Love can be so IRONIC.
Last night, I broke up with the person who gave back my life a year and 2 months ago. Yes she did, after losing myself with my 3 years boyfriend relationship, there’s nothing left for me. Last night, I cried so much that tears won’t even stop falling and my eyes are too swell that I looked like a mess to show myself up to work at 4am. So I didn’t show up at work, put my iPhone on an airplane mode so that my Team Leader won’t be able to call me and I already have a big excuse inside my head. It’s too late for me to realize that February 6 is a block day and to be absent is a critical offense. I’m going to expect signing off a Notice of Explanation when I get back to work tomorrow, worst I might lose my job.
I just need to breathe, a pause, a break. I just need to feel all the pain big time all at once. I don’t want to take calls while crying. Been there, done that and I really looked stupid.
It was pretty hard to decide. It was one of the most, no not one of the most but the greatest pain I had to go through, and the biggest decision I had to make for myself.
Love is so complicated.
My past relationship works this way, all my boyfriend’s family wants us to end up in marriage but my boyfriend is not the perfect one for me, so I broke up with them. Now, my partner is the one that I’m looking for, the one I’ve been waiting for and the one I was asking for. But, her family doesn’t like me. They hate me.
Now tell me, what option is left for me? I don’t have any.
They say that it’s okay if your partners’ family doesn’t like you.

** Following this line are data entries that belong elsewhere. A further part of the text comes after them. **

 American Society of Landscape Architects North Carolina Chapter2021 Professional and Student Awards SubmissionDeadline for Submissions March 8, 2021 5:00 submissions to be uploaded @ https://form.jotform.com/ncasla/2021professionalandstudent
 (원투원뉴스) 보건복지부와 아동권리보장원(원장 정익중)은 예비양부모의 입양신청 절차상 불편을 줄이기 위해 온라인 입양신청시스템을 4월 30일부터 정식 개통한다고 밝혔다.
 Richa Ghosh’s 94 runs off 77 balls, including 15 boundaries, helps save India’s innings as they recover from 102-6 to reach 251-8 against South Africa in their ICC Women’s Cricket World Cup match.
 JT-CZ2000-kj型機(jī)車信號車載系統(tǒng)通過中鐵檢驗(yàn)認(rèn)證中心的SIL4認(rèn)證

I don’t think it will ever be okay. A blessing from the family is one of the most important things you should consider so that everything else will go well. So don’t tell me that you’ll be happy even without your partners family’s blessing. They might curse you as your partners’ wife and you’ll end up regretting forever. I tell you, most curses happen, if not now, it will look for a perfect timing.

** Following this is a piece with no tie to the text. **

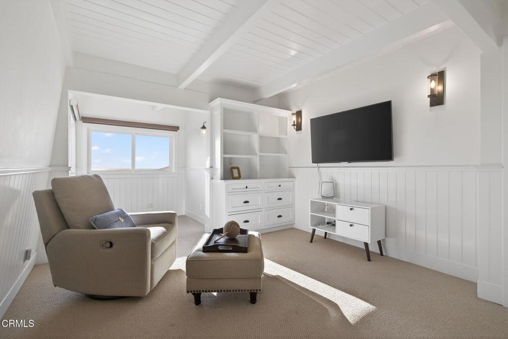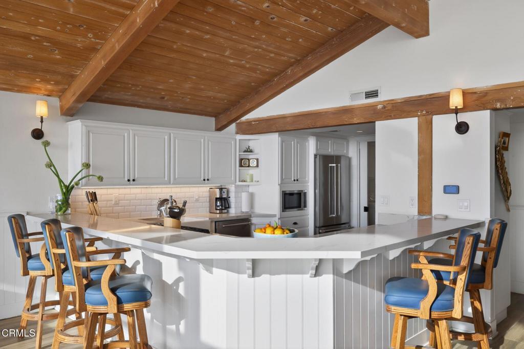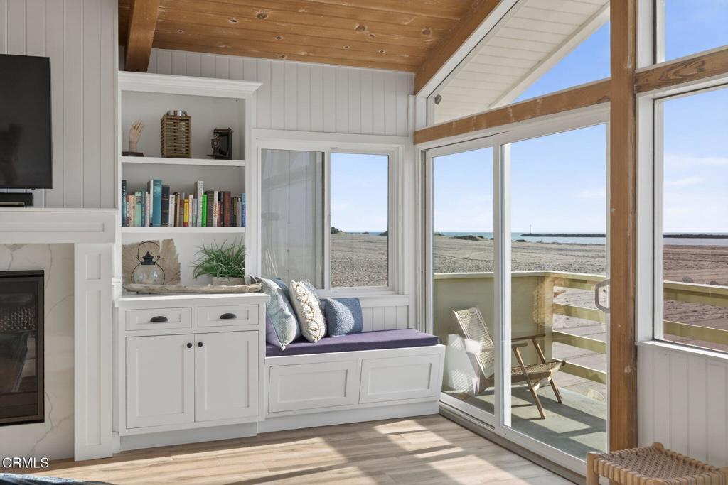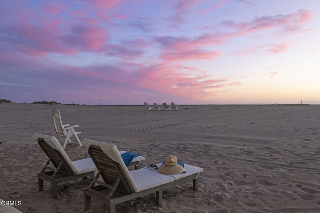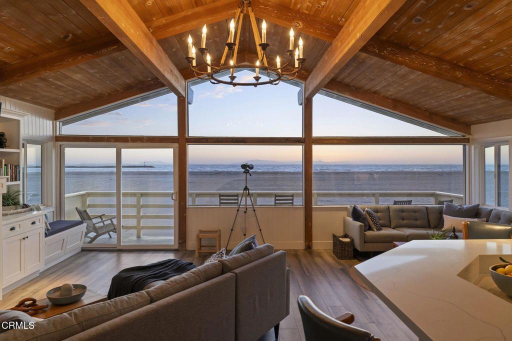OCEANFRONT LIVING, home on Hollywood Beach -- Just North of Malibu and South of Santa BarbaraWelcome to your beachfront escape, where panoramic ocean views greet you from nearly every room. Perfectly positioned directly on the sand, this three-story coastal residence blends modern comfort with timeless East Coast-inspired design, offering a rare combination of style, space, and effortless beach access. Offered completely furnished, this is a true turnkey opportunity -- simply arrive and begin enjoying the beach lifestyle.The first level is designed for relaxed seaside living and entertaining, featuring a private guest suite, full bath, and a spacious family room anchored by a cozy fireplace. A kitchenette with a mini refrigerator and sink makes hosting easy, while custom built-in sleeping bunks create the ultimate kids' sleepover retreat. Sliding doors open directly to the beachfront patio -- ideal for morning coffee, sunset gatherings, and evenings filled with family fun.The main living level is bright and open, showcasing soaring vaulted wood-beam ceilings, a dramatic wall of windows, and expansive living and dining spaces that frame endless ocean views. A second fireplace adds warmth and architectural character to the ocean-view living room. The spacious kitchen features double ovens, a built-in microwave, generous prep space, and direct deck access for seamless indoor-outdoor entertaining. A flexible bonus room and powder bath add convenience, while a well-appointed second-level laundry room enhances everyday functionality.Upstairs, the primary suite and guest bedroom both showcase unobstructed water views and en-suite baths. The primary retreat features a walk-in closet, custom built-ins, and a skylight, creating a private sanctuary that captures the peaceful rhythm of oceanfront living. Complete with a two-car garage equipped with a Tesla charging station, and direct beach access just steps from your door, this exceptional residence offers the ultimate Hollywood Beach lifestyle -- wake to the sound of waves, spend your days on the sand, and end each evening with breathtaking sunsets right outside your door. Walk to local Farmers Market, eateries, pubs and concerts in the park, live where you always feel like you're on vacation.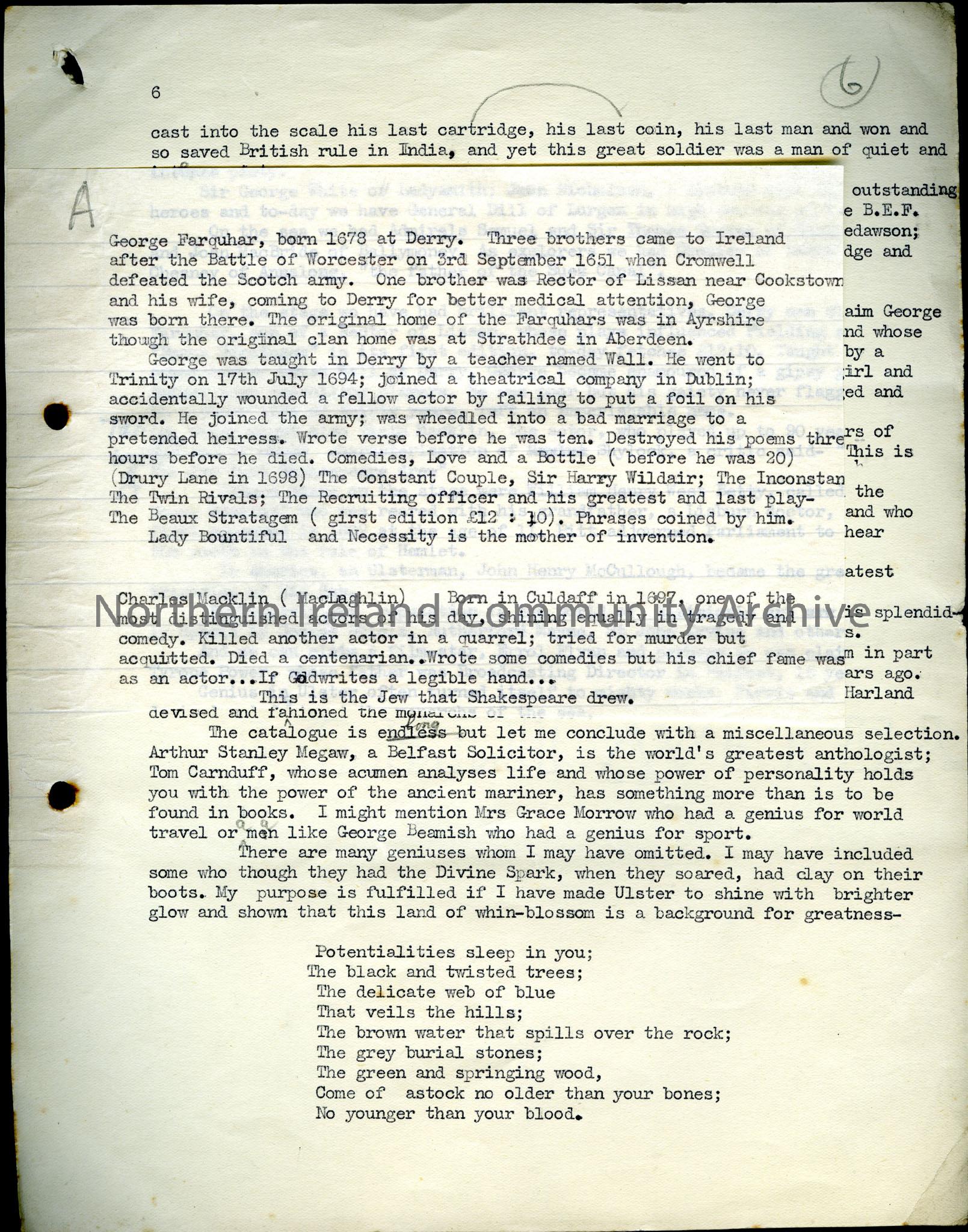 Typed script?, 6 pages, titled 'The Divine Spark. A Study of Ulster Genius. Belfast Rotary, 17th June 1940'. Hugh Thomson, Arthur David McCormick, Rev. W. F. Marshall, Denis Hempson, Arthur O'Neill and others.

Knowing all these, what option do I have?
I tried my best to forgive them, I really did. But hearing their voices on the background every time we talked over the phone will bring back all the pain. I don’t know why.
Why is it so hard for me to forget? For God sake, I just wanted to move on. Who doesn’t want to right? But for some reason, I don’t know but I’m stuck.
Every time this topic is brought up, she made me feel that it was my mistake. It was I who made these things happen, that I screwed it up. All I could hear was excuses explaining how right her Mom is and how wrong I was. For goddamn sake, can she please show me that she really cares about what I feel? I never heard her saying that her Mom did a mistake, too. All I hear was fucking excuses and that only made me feel that I’m such a mistake.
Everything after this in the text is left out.